Я принял в оперативное обеспечение так называемый «космический полк» и стал осваиваться. В числе дел первого порядка я внимательно изучил материалы расследования гибели Юрия Гагарина и Владимира Серегина — эта трагедия произошла восемь лет назад — и обнаружил много для себя интересного, чем и поделился с командованием полка.
При этом я заметил, что многие, казалось бы, второстепенные ошибки, произошедшие тогда, каким-то нелепым образом перекочевали в настоящее время. Впрочем, люди часто забывают ошибки прошлых лет, а потому в силу все того же человеческого фактора повторяют их вновь и вновь. Вместе с командирами мы стали устранять недостатки и быстро убрали все «хвосты», мешающие нормальной работе.

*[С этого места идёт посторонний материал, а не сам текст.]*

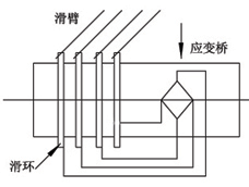 將專用的測扭應變片用應變膠粘貼在被測彈性軸上,并組成應變橋,若向應變橋提供工作電源即可測試該彈性軸受扭的電信號。這就是基本的扭矩傳感器模式。 (見圖二)但是在旋轉(zhuǎn)動力傳遞系統(tǒng)中,最棘手的問題是旋轉(zhuǎn)體上的應變橋的橋壓輸入及檢測到的應變信號輸出如何可靠地在旋轉(zhuǎn)部分與靜止部分之間傳遞,通常的做法是用導電滑環(huán)來完成。
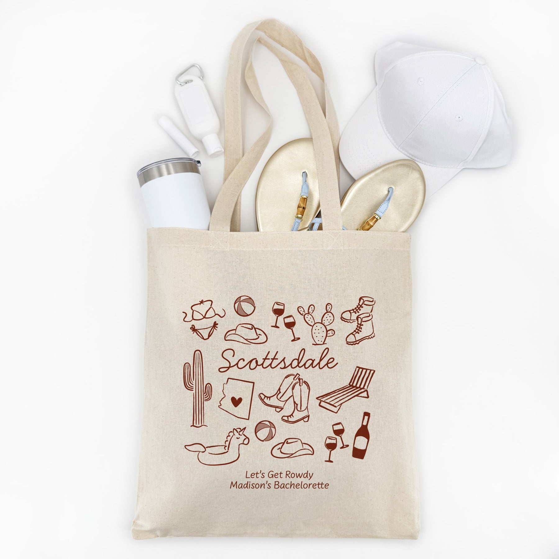 Cotton tote bag (15" x 16") used as a bachelorette goodie bag for your bridesmaids and guests or girls trip. We have included festive and fun icons featuring all of the things you can do in Scottsdale; for example visit Camelback Mountain, check out the wineries, or book a pedal pub tour with your family and friends.
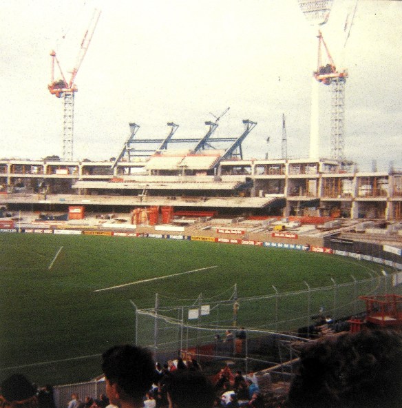 So here we have the Great Southern Stand, obviously under construction. The year is 1991, and things have changed dramatically at the ‘G from a year earlier. I can’t remember if this was the game against Sydney or St.Kilda as we sat in the same spot for both, but the focus here is clearly on the enormity of the impending structure, now looked down upon by the Ponsford, Olympic and MCC stands. And when looking at the ‘G in this 1991 state, I automatically think of the enigmatic Allan Jakovich.
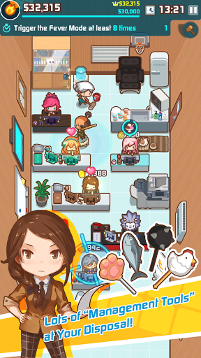 The company your father built is going bankrupt. As a boss, you have a chance to go back in time to save your company. Manage your office with an iron fist or let your employees slack off without consequence. How you manage your office will determine your company's success. Google Play Store Featured Game!

Через некоторое время мы вместе с командиром Лавровым пошли к начальнику Центра подготовки космонавтов им. Ю. А. Гагарина Георгию Тимофеевичу Береговому, дабы он своим решением утвердил ряд положений, гарантирующих работу с космонавтами без предпосылок к летным происшествиям и тем более ЧП. Эти положения убирали некоторые «вольности», которые допускали летчики-космонавты, облегчая, как им казалось, себе жизнь, но на самом деле ставя ее под большую угрозу...
Я впервые был на докладе у Берегового, и он, оценивающе посмотрев на меня, спросил: «Откуда таков?» Я представился по полной программе, но кратко, обратив его внимание на то, что работал с известными летчиками-испытателями в Ахтубинске, и они могут дать характеристику мне и как человеку, и как оперу.

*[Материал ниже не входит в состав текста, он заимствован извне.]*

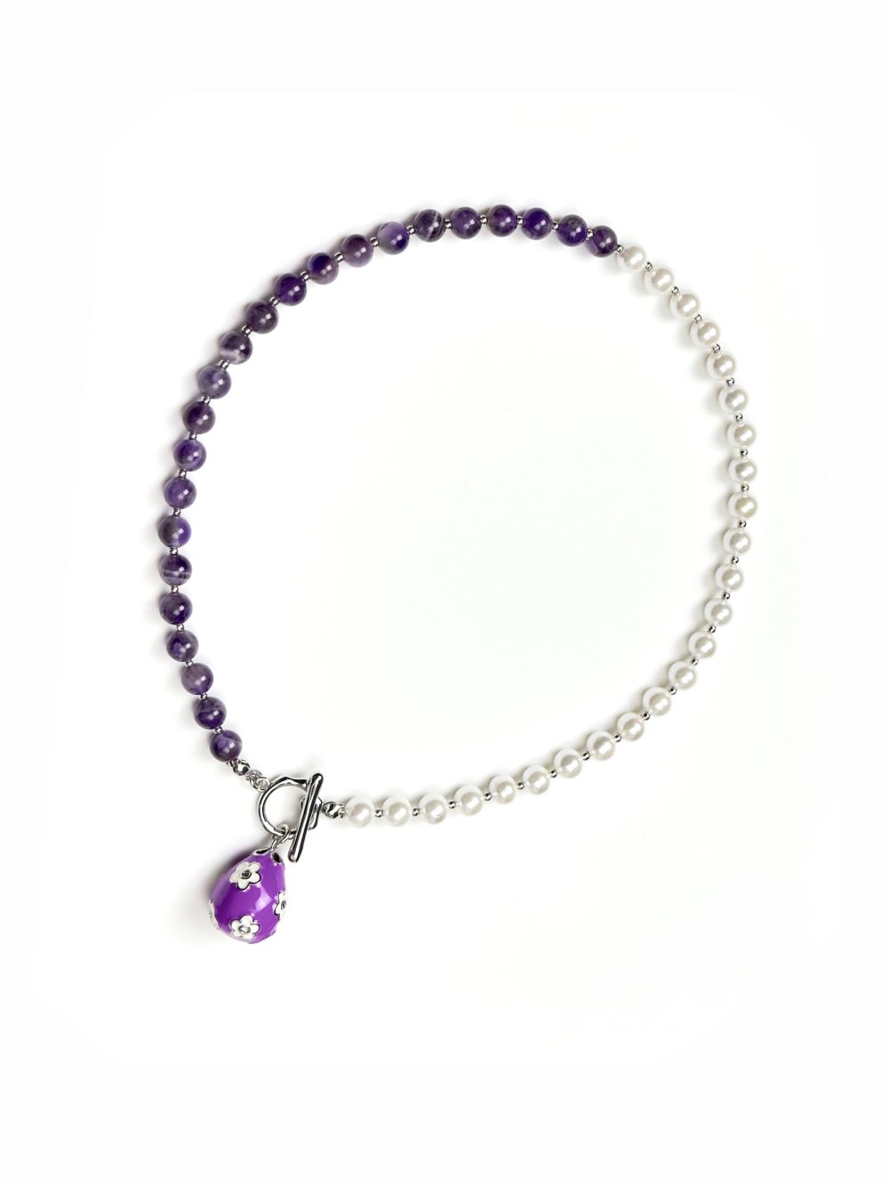 Состав изделия: аметист, жемчуг майорка, замок-тогл (в ассортименте), подвеска Пасхальное яйцо в фиалковом цвете, инкрустированная фианитами

Разговор сложился и принял еще более доверительный характер, когда Георгий Тимофеевич, расспрашивая меня о житье-бытье, узнал, что я родом с Донбасса, и мы с ним земляки, да еще оказалось, что он когда-то был знаком с красивой дивчиной — начальником железнодорожной станции в моем родном городе Константиновке — Верой.
Тут я чуть было не вскрикнул, но сдержал себя и спокойно сказал:
— Да это же моя родная тетушка!
Ответ Георгия Тимофеевича был по-украински лаконичен:
— Та ты шо?!
Затем он посмотрел на часы — было уже 12:30 — и, почти как в свое время известный всем «папаша Мюллер», сказал командиру авиаполка:
— Лавров, ты иди, готовься к полетам, а ты, Рыбкин, — останься!

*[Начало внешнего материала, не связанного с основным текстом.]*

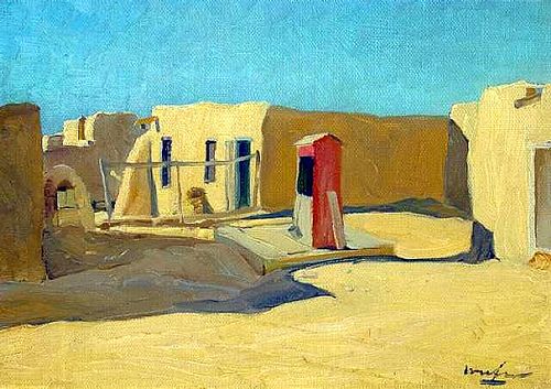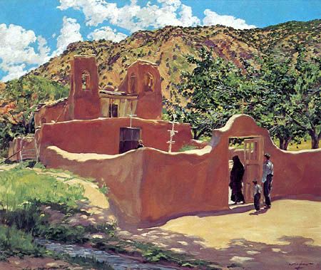 Walter Ufer was an American painter of the Taos Society of Artists in New Mexico. Ufer was born in Hückeswagen, Germany, but lived there only one year before his family relocated to Louisville, Kentucky. Ufer showed artistic talent at an early age and went to work as a lithography apprentice. Ufer was encouraged to receive formal art training, and spent five years studying at Germany’s Royal Academy of the Fine Arts. In Germany, Ufer met a group of influential American painters, including Joseph Henry Sharp and Ernest Blumenschein.

После этого Береговой завел меня в комнату отдыха, находящуюся рядом, и открыл бутылочку хорошего коньяка. Выпили мы по традиции три рюмочки, ну а проговорили еще полтора часа, то есть все обеденное время... В 14:00 зашла секретарь и сообщила, что в приемной Георгия Тимофеевича ожидают заместители и начальники управлений.
Береговой попрощался со мной, пожелав успехов на новом месте, уже в присутствии зашедших начальников, чем сделал мне неоценимую услугу. После такого приема я легко установил хорошие отношения со многими космонавтами-руководителями и другим начальствующим составом. Дальше все зависело от меня, и я рад, что мне удалось задать всем своим личным контактам деловой тон. Я никогда даже не пытался делать ссылок на какие-то личные, особые отношения ни с одним из руководителей и в этой связи ни разу не был вовлечен в межличностные отношения, конфликты и иные интриги...
Иногда в дружеской обстановке Г. Т. Береговой приветливо обращался ко мне: «А, Антоша Рыбкин!» На мой недоуменный вопрос: «Почему?» — он сослался на героя кинофильма военной поры «Разведчик», где главным персонажем был мой однофамилец по имени Антоша.
Но самое главное, что я усвоил сразу — это необходимость знать все обо всем, всех и всегда. Никакие личные отношения тебе не помогут, если ты упустишь какой-то момент даже третьестепенной важности, способный неожиданно повлиять на выполнение основной задачи по подготовке космонавтов к очередным космическим полетам. Очень важным было умение правильно распорядиться получаемой информацией.
Стоит учесть еще и то, что все основные данные по оперативной линии докладывались лично председателю КГБ СССР Ю. В. Андропову и его первым заместителям — Г. К. Циневу и С. К. Цвигуну. И ведь не дай бог, если какой-либо факт они узнавали не по своей «вертикали», а из других источников. Так что оперативный работник мог быть «профилактирован» в любой момент, и дабы такого не случалось, приходилось стараться изо всех сил.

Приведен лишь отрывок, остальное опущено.